Courage could only get him so far, and he could no longer bear to see the disgust and embarrassment on André’s face. He hung his head.
“The city. I lived on the streets, in the parks…the subway when it got too cold. I’d followed in my mother’s footsteps, doing drugs, always chasing that next high to make me feel good so the pain didn’t swallow me whole.” He shuddered and wrapped his arms around himself. “I did whatever I could to get the money I needed. I shoplifted to eat, stole money to get high. And sometimes…sometimes I’d go with guys. And they paid me.”
Breathing was almost impossible now, and his vision grayed. He rested his head in his hands. Spencer’s grip turned harsh, as if he knew that given the chance, Chess would run as far away from the condemning faces of the people he’d deceived.

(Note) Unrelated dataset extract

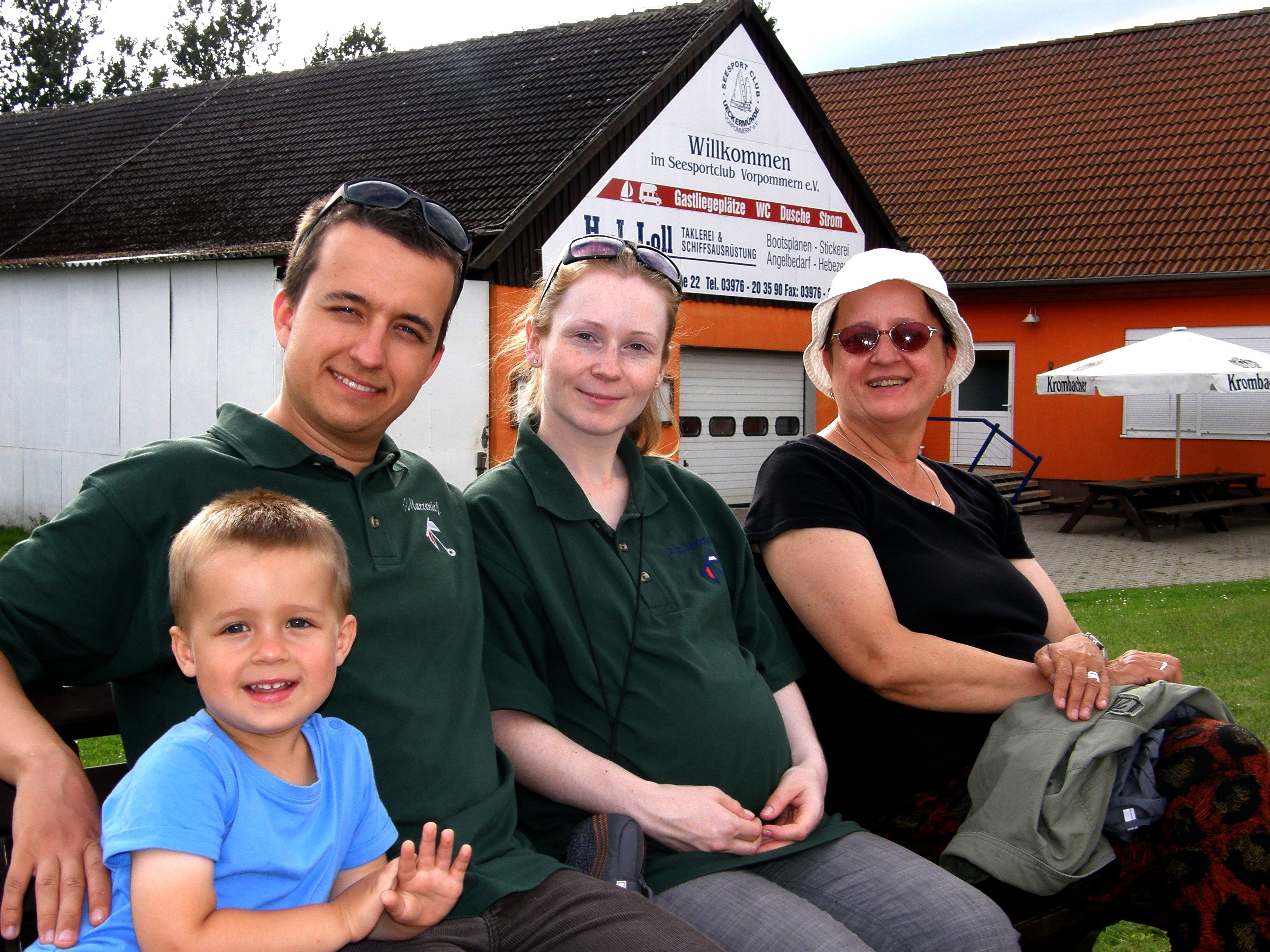 Wchodząc do rzeki Uecker wszyscy już byli zaciekawieni i wizytą w pierwszym niemieckim porcie Ueckermünde. Stanęliśmy w upatrzonym miejscu nabrzeża Seesportclub, a po opłaceniu się portowo załoga udała się na zwiedzanie miasteczka. W nagrodę za super zachowanie się Pawełek otrzymał dużą porcję lodów.

He wiped his face and continued. “Eventually I got caught. I was picked up for solicitation in a sting in Riverside Park one night. Because I was only seventeen and didn’t have drugs on me at the time, they sent me to ACS, and the social workers there put me in rehab for ninety days. After that I went to a halfway house, where I spent the time studying for my GED, continuing my therapy, and staying clean. The rest is what I’ve already told you. I ended up in foster care anyway until I went to college.” Eyes streaming, he lifted his head to face a devastated André. “So now you know. I thought the record of my arrest was sealed, but apparently the old adage is true: money can buy anything…or anyone. This is the whole ugly story. I haven’t left anything out.”
To his right, he heard Bianca crying and Quentin comforting her. His friends remained by his side, and Chess’s frantic heart settled, knowing at least if he lost André, he’d still have their love and support.
“If it’s all right with you, I’d like to talk alone.” André’s face was a hard mask, a shell Chess had never thought he’d see aimed at him. He rose to his feet and nodded, still unable to look anyone in the eye.
“I’m ready.”
Following a step behind, there was little doubt in his mind that André would ask him to leave. The stiff set of his shoulders and granite-hard thrust of his jaw bode no tenderness or sweet forgiveness.
“In here.” André opened the door to the library, then closed it behind them. Several moments passed. “Why?”